In this study we used methylated DNA immunoprecipitation combined with ultra-deep sequencing (MeDIP-seq) to provide comprehensive coverage of the methylomic landscape in order to compare blood samples between MZT pairs discordant for MDD in two independent datasets (Figure 1). The first cohort (UK) comprised 27 discordant twin pairs from the UK while the second cohort (Australia) comprised 23 discordant pairs from Australia. Discordant MZT pairs constitute a powerful design for epigenetic studies, as the genomic DNA sequence is identical within twin pairs and SNPs and other DNA sequence variations are not confounding factors. Additionally, twin pairs are generally exposed to similar environmental influences and important age and cohort effects are controlled within the paired comparison.

Figure 1
figure 1

Genomic methylation profiles of a female monozygotic twin pair discordant for major depressive disorder (MeDIP-seq data of depressed and non-depressed twin shown in red and green, respectively). Although the overall patterns are extremely similar, differential methylation does occur at specific loci.

Results and discussion

The regression analysis of the 27 UK discordant MZT pairs alone did not clearly identify any differentially methylated region (DMR) of genome-wide significance (using a conservative significance level of 9 × 10-10; Table S1 in Additional file 1). However, several of the most differentially methylated genes were related to the pathology of MDD, namely CADPS1, PTPRM and ZBTB20 (zinc finger and BTB domain containing 20 gene). Similarly, the regression analysis of 23 Australian discordant MZT pairs did not identify any DMR of genome-wide significance (Table S4 in Additional file 1). The second most differentially methylated gene (EPHB1), however, was related to the etiology of MDD (Additional file 1). The meta-analysis of both UK and Australian datasets identified 17 DMRs of genome-wide significance (P < 0.05, Bonferoni adjusted for approximately 11 M tests; Table 1; Figure 2). Four of these 17 DMRs were located within genes related to the pathology of MDD, namely ZBTB20, AGTPBP1, TBC1D8 and CLSTN1, and selected for replication. The region was replicated in an independent replication cohort of 354 unrelated, age-matched females and showed an increased methylation of 28.2% in the 118 MDD cases compared to the 236 controls (P = 0.018, t-test; Figure 3a,b). A linear regression model of the ZBTB20 region run on the independent case-control samples adjusting for age, body mass index (BMI) and smoking status retained significance (P = 0.0487). ZBTB20 contains the second most significantly differentially methylated region identified in the meta-analysis, with an increased methylation level in cases (P = 0.00048, Bonferoni adjusted for approximately 11 M tests). The gene plays an essential role in the specification of the Cornu Ammonis-1 (CA1) field identity in the developing hippocampus. The RPM (reads per millions) value of the DMR is consistently higher in the depressed cohort in relation to the control (Figure 3c).

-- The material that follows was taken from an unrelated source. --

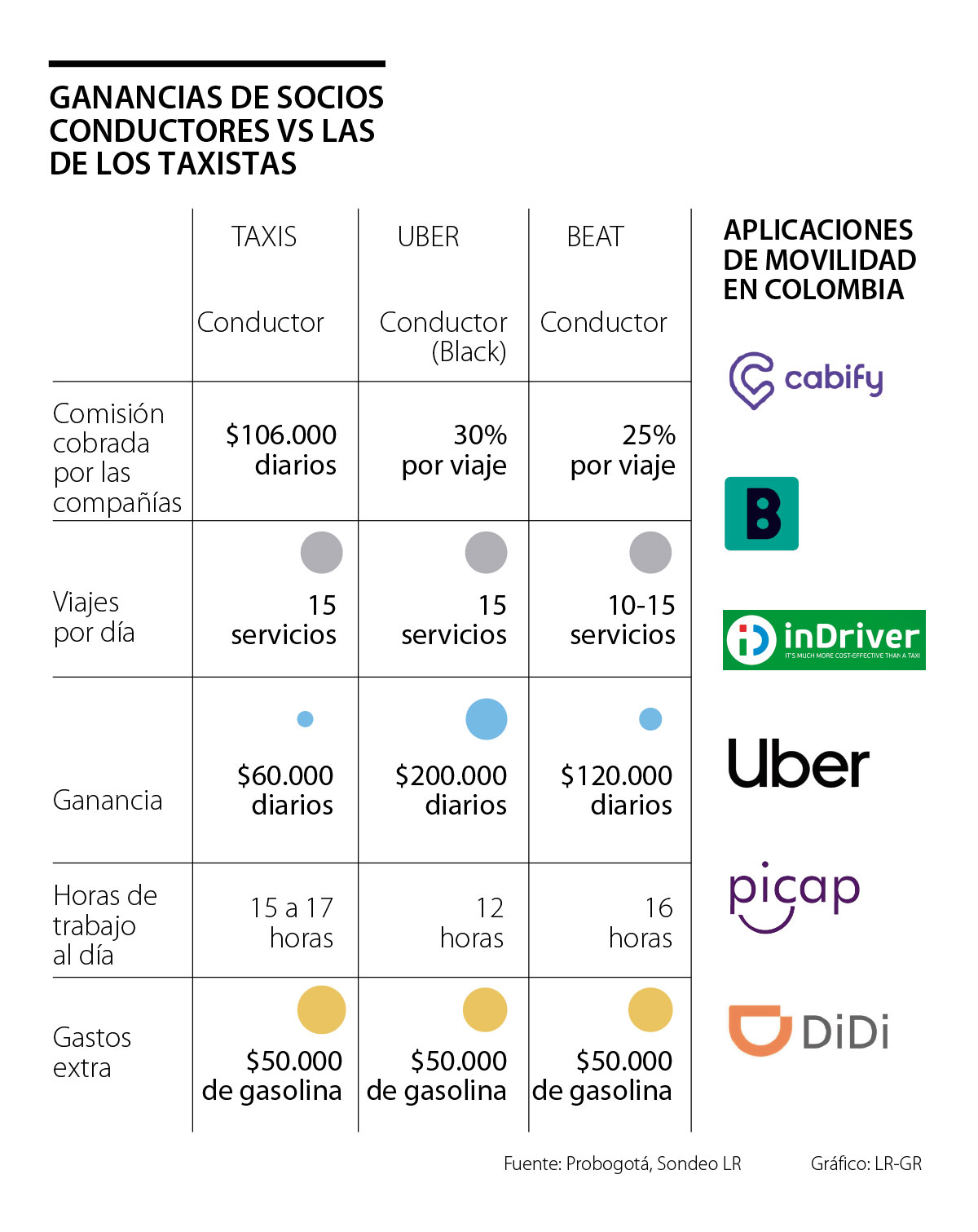 Con un promedio de 15 viajes al día, LR consultó a varios conductores para saber cuáles son los ingresos y ganancias que obtienen después de descontar comisiones y otros gastos y encontró que el conductor de taxi a pesar de ser el que más ingresa tiene con casi $220.000 al día, es el que menos ganancia tiene ya que debe pagar una cuota de entre $90.000 y $106.000 (que puede variar según quién sea dueño del carro), y tanquea con cerca de $50.000 por lo que solo le quedan $60.000 de ganancias.
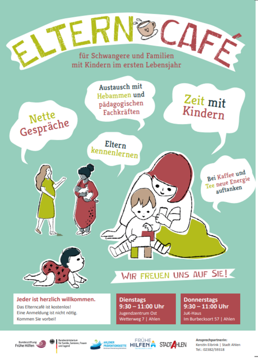 In Ahlen bieten wir verschiedene offene Treffpunkte für werdende Eltern und junge Familien an. Das Elterncafé im Süd/Osten der Stadt richtet sich an werdende Eltern und Familien mit Kindern im ersten Lebensjahr. Das Angebot ist kostenlos und es ist keine Anmeldung erforderlich.

Table 1 Meta-analysis of 54 UK and 46 Australian blood samples using a fixed effects model approach
Figure 2
figure 2

Manhattan plot showing the P- values of approximately 10 M 500 bp bins from the meta analysis with the ZBTB20 DMR identified in the plot.

Figure 3
figure 3

(A,B) Replication of differentially methylated genes in an independent case-control cohort of 118 depressed and 236 control unrelated females. The plot shows significantly increased methylation levels of the ZBTB20 DMR region in individuals with MDD. (C) Case versus control RPM counts for the DMR of ZBTB20 in 50 MZ twin pairs discordant for MDD.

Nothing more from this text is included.